* [Task details] All lines from the top of the records below through the line holding "Portanto este é", and only those, should be printed exactly, minus the pictures.

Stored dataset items
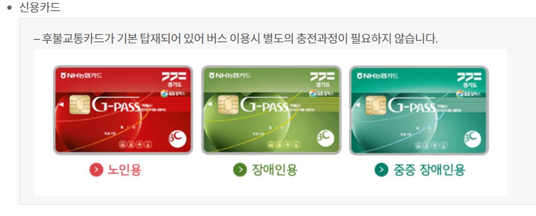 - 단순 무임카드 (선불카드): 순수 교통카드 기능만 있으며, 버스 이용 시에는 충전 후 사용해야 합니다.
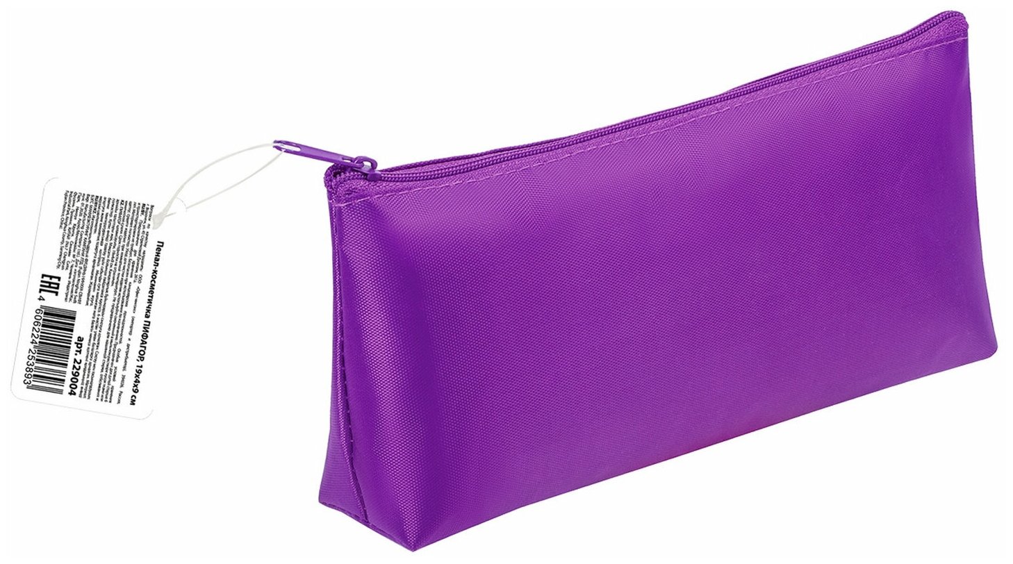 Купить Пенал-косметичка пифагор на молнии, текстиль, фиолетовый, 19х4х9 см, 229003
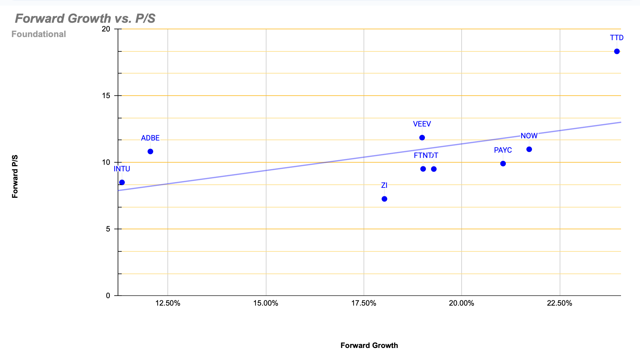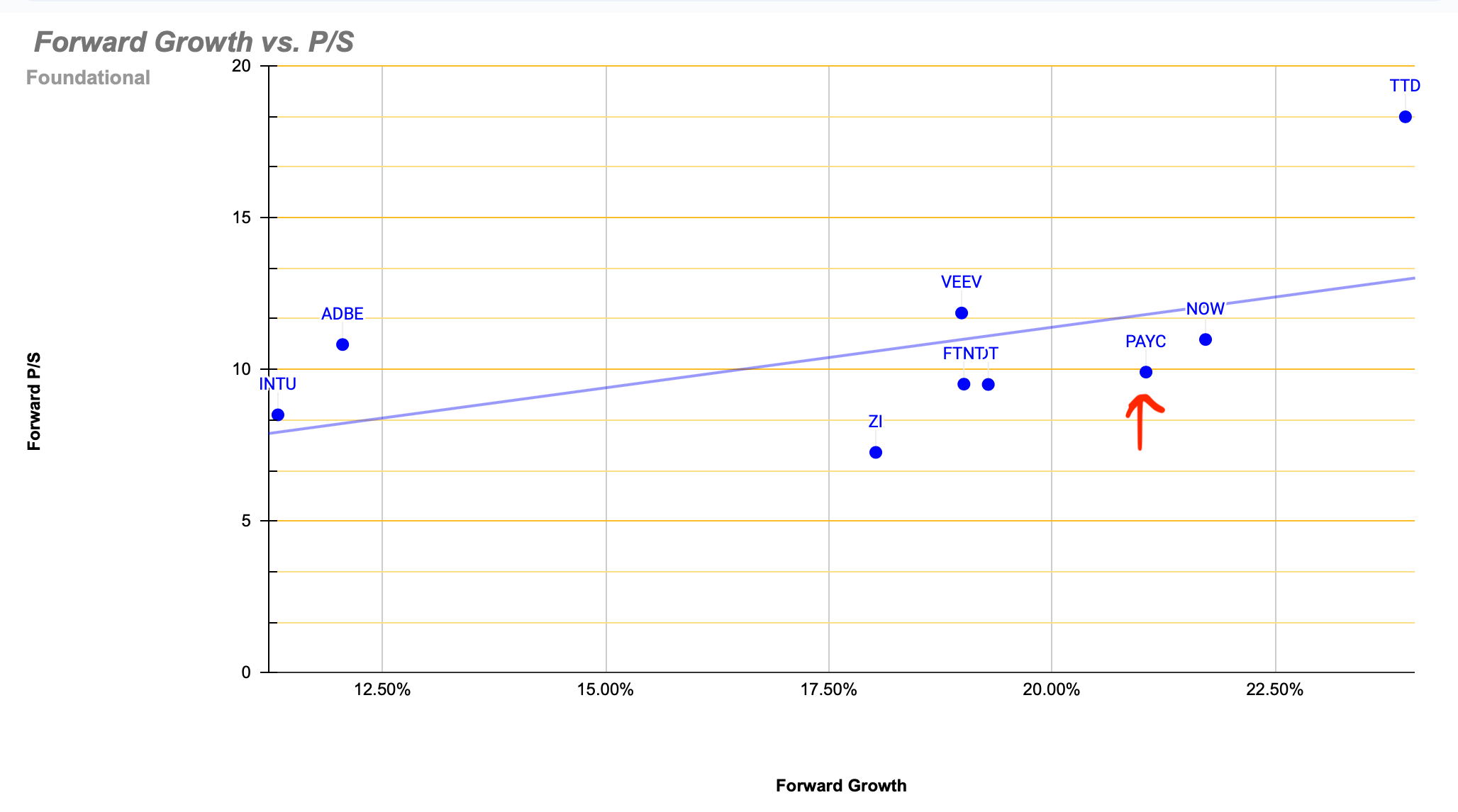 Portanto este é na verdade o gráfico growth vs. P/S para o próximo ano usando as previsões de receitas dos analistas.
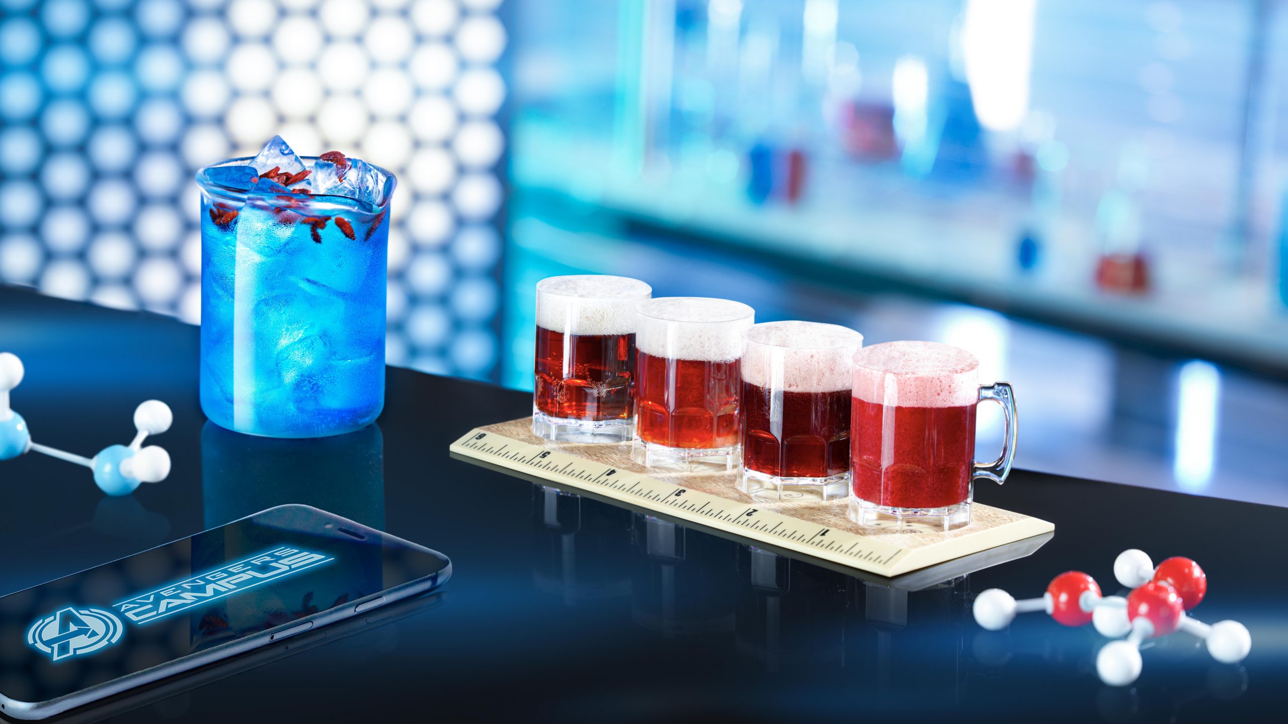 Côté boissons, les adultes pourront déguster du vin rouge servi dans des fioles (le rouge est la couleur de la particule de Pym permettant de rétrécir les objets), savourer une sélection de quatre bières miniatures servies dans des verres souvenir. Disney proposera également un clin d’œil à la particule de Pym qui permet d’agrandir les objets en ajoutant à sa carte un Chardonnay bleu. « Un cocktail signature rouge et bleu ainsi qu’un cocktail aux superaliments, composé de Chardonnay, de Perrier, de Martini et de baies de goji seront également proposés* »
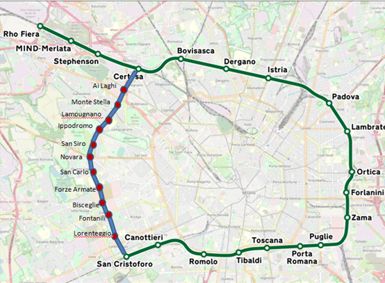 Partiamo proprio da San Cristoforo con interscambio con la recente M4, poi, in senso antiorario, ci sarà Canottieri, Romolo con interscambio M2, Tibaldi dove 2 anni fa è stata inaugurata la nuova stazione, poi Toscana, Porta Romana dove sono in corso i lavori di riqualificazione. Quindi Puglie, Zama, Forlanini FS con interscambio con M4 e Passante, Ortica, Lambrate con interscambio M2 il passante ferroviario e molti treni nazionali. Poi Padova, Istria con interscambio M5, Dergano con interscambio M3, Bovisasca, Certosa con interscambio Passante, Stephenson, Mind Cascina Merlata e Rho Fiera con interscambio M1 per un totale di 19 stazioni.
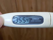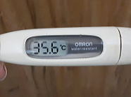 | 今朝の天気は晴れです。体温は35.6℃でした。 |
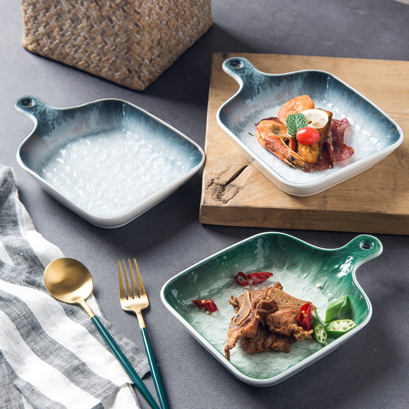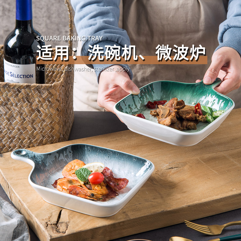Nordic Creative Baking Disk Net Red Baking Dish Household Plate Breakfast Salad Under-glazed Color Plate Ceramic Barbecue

* [Solution]
 - 단순 무임카드 (선불카드): 순수 교통카드 기능만 있으며, 버스 이용 시에는 충전 후 사용해야 합니다.
 Купить Пенал-косметичка пифагор на молнии, текстиль, фиолетовый, 19х4х9 см, 229003
 Portanto este é na verdade o gráfico growth vs. P/S para o próximo ano usando as previsões de receitas dos analistas.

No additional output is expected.